If Keras is selected on tags, double click on the sequential node, and you will see its structure. It displays a conceptual graph that shows how Keras views your model. This is useful when you are reusing an already saved model and you are interested in validating its structure.

Tensorboard Distribution

This shows the distribution of tensors and it is used for showing the distribution of weights and biases in every epoch- whether they are changing as expected. 

Tensorboard Histograms

This shows the distribution of tensors in histograms and it is used for showing the distribution of weights and biases in every epoch – whether they are changing as expected. 

Exploring confusion matrix evolution on TensorBoard

A confusion matrix is a table-like model output showing model performance, each row showing predicted and columns showing actual values. When building a machine learning model, especially when solving a classification problem, a confusion matrix or an error matrix is a very good tool to use.
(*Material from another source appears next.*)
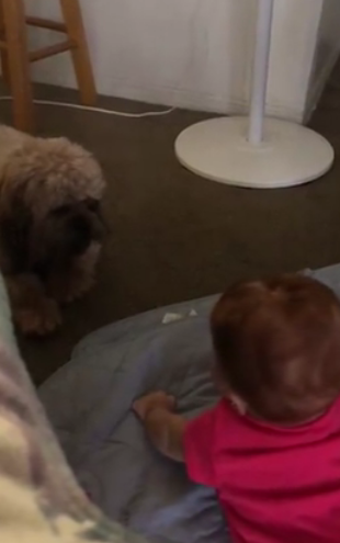 The baby started touching the dog while he kept on moving here and there. The baby was trying to get close to the dog, but the dog kept jumping here and there which is so adorable to watch.

Tensorboard can help us log the confusion matrix for every epoch, let’s log the confusion matrix using the `mnist` dataset provided by Keras datasets.

First, import necessary libraries and dataset

import numpy as np
import pandas as pd
import tensorflow as tf
import datetime
import sklearn

mnist = tf.keras.datasets.mnist

(X_train, y_train), (X_test, y_test) = mnist.load_data()
X_train, X_test = X_train / 255.0, X_test / 255.0

Define class_names

class_names = ['Zero','One','Two','Three','Four','Five','Six','Seven','Eight','Nine']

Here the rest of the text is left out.